(Exercise details):
Begin with the first line of the listing and quote every line through the one containing "大湾区文化体育中心的造型很独"; give only those lines.

---*---

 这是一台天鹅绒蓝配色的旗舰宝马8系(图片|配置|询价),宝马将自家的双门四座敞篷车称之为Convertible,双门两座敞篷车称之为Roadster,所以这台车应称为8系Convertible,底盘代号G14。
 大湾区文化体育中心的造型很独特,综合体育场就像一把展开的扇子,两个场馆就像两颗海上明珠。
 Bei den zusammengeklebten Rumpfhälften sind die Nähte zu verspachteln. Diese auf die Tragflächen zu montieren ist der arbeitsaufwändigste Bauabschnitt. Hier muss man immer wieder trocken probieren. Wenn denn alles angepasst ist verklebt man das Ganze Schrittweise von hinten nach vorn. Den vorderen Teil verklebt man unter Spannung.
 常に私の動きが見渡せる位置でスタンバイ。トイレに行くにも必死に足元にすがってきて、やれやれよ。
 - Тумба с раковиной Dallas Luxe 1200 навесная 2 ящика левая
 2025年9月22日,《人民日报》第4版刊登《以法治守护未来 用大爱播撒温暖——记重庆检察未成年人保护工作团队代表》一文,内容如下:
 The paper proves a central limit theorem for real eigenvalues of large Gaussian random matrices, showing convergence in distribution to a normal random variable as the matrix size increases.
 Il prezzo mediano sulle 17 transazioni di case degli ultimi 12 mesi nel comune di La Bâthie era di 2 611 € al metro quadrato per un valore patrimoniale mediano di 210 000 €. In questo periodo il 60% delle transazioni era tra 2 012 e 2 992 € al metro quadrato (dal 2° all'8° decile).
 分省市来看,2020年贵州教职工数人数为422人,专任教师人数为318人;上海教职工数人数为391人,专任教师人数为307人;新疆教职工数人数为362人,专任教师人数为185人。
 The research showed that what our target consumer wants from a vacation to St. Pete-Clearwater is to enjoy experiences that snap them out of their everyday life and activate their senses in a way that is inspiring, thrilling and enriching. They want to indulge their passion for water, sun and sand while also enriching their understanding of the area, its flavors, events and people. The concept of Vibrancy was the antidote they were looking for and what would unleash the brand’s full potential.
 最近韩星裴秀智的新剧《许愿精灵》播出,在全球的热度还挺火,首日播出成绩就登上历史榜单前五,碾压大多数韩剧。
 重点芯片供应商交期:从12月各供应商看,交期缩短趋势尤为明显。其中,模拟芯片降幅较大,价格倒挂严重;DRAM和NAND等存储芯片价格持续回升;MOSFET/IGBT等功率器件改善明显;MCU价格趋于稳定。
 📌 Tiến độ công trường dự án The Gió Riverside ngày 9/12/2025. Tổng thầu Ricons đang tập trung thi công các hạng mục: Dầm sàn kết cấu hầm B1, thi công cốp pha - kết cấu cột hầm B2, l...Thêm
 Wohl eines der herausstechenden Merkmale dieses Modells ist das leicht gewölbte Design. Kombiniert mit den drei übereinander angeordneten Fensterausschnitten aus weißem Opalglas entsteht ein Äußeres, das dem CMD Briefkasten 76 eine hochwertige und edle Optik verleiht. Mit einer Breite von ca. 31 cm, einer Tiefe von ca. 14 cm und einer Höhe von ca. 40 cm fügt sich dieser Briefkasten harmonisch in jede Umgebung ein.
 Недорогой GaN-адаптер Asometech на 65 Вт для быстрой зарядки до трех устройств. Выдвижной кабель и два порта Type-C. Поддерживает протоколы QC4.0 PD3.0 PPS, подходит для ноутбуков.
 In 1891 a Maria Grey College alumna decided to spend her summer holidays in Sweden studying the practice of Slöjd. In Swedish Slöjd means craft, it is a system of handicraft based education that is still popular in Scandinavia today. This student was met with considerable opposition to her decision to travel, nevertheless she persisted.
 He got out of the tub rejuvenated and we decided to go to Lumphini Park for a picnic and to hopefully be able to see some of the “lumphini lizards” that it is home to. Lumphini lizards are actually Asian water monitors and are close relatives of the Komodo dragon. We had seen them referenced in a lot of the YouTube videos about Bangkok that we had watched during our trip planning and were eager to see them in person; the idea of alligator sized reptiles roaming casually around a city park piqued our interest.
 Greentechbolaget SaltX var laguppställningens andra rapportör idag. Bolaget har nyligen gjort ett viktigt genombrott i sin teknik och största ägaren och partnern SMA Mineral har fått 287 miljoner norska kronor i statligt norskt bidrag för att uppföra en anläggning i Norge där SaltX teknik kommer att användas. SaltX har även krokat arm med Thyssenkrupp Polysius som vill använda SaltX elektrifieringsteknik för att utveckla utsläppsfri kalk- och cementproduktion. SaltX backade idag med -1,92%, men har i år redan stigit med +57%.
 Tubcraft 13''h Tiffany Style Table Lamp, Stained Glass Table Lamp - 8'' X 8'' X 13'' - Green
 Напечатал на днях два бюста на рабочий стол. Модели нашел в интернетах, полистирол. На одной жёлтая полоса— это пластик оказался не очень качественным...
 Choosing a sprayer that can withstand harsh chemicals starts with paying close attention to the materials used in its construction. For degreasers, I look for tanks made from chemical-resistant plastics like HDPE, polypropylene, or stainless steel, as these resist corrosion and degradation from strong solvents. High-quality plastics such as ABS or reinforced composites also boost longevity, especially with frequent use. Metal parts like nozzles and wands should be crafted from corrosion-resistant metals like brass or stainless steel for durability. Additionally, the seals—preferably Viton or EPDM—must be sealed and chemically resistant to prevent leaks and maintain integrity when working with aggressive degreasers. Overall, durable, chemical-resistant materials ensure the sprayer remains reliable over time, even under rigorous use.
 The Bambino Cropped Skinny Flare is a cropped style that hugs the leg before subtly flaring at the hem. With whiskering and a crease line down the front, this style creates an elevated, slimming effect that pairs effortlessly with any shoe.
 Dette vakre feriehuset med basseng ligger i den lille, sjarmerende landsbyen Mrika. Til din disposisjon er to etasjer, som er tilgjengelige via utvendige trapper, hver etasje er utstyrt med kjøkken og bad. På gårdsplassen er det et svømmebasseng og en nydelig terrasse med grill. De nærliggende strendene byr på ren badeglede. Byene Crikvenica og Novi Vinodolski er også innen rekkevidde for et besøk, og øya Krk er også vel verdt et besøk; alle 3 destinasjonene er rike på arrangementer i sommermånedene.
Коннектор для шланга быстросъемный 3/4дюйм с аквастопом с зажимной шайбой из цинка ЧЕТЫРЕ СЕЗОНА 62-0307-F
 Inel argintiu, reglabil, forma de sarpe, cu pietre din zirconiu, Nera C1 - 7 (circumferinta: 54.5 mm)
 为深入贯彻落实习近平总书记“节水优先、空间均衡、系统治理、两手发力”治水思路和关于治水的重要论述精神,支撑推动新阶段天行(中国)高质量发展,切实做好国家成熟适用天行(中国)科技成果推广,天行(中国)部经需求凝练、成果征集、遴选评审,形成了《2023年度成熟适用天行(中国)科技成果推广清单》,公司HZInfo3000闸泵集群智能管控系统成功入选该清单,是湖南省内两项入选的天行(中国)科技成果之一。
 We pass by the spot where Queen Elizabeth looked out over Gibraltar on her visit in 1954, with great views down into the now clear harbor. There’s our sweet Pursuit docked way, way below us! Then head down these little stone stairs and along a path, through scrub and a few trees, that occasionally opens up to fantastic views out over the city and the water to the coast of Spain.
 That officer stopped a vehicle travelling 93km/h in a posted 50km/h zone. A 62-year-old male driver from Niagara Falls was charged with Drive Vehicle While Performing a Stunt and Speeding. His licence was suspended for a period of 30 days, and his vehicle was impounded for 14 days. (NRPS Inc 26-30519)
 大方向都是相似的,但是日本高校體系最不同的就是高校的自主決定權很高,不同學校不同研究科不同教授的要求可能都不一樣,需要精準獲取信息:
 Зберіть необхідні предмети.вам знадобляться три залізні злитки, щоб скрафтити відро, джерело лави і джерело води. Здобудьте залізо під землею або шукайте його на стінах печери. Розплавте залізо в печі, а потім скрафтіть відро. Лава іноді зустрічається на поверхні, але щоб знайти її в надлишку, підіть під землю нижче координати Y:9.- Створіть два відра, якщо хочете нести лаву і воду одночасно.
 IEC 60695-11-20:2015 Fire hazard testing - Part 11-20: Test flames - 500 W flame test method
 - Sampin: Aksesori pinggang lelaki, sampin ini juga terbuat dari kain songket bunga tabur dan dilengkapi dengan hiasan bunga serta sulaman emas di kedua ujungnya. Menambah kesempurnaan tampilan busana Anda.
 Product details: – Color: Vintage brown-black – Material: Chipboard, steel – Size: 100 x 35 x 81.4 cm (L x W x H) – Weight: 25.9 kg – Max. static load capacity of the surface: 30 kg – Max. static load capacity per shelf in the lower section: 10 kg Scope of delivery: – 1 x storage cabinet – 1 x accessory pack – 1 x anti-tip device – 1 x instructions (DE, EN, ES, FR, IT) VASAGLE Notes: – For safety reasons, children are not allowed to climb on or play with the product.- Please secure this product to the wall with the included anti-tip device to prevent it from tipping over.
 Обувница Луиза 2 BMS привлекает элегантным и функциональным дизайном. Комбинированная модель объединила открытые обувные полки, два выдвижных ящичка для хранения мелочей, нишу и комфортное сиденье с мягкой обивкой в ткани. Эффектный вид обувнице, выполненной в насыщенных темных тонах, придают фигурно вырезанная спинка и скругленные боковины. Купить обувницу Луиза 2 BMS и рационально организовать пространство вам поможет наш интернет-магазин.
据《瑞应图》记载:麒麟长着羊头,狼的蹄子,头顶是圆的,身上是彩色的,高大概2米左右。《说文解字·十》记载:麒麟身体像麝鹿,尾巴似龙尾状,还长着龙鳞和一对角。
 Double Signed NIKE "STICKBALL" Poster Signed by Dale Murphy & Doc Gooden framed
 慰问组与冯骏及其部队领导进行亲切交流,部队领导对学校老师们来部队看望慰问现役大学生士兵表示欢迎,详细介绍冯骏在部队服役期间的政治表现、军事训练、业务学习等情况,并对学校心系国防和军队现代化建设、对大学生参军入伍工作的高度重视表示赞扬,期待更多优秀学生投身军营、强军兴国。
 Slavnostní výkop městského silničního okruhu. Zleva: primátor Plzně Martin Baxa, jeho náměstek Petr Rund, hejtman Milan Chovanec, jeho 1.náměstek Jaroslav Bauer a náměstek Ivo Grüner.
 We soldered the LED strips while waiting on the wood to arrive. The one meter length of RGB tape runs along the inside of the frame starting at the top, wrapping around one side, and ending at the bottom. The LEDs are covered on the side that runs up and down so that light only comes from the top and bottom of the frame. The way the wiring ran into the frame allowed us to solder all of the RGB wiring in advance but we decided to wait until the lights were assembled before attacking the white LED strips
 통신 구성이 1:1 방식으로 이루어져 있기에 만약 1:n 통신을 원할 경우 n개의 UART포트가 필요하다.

---*---

(Response to the task):
 这是一台天鹅绒蓝配色的旗舰宝马8系(图片|配置|询价),宝马将自家的双门四座敞篷车称之为Convertible,双门两座敞篷车称之为Roadster,所以这台车应称为8系Convertible,底盘代号G14。
 大湾区文化体育中心的造型很独特,综合体育场就像一把展开的扇子,两个场馆就像两颗海上明珠。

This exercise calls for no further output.